Dataset excerpt
——————————

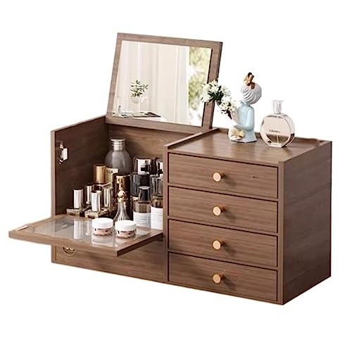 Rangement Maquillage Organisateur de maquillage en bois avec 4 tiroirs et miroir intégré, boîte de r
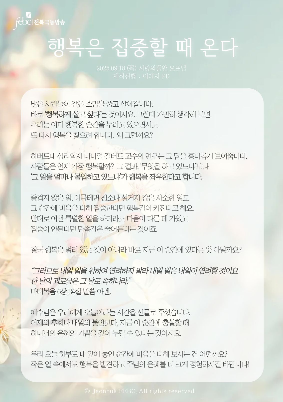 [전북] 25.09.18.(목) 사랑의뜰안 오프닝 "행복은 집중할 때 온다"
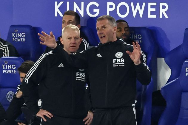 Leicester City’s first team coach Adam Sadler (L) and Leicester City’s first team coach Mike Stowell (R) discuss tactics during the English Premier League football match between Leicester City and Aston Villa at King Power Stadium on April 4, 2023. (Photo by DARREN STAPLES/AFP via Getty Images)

——————————

What the exercise asks
Repeat the data word for word. Skip the pictures.

Response to the task
 Rangement Maquillage Organisateur de maquillage en bois avec 4 tiroirs et miroir intégré, boîte de r
 [전북] 25.09.18.(목) 사랑의뜰안 오프닝 "행복은 집중할 때 온다"
 Leicester City’s first team coach Adam Sadler (L) and Leicester City’s first team coach Mike Stowell (R) discuss tactics during the English Premier League football match between Leicester City and Aston Villa at King Power Stadium on April 4, 2023. (Photo by DARREN STAPLES/AFP via Getty Images)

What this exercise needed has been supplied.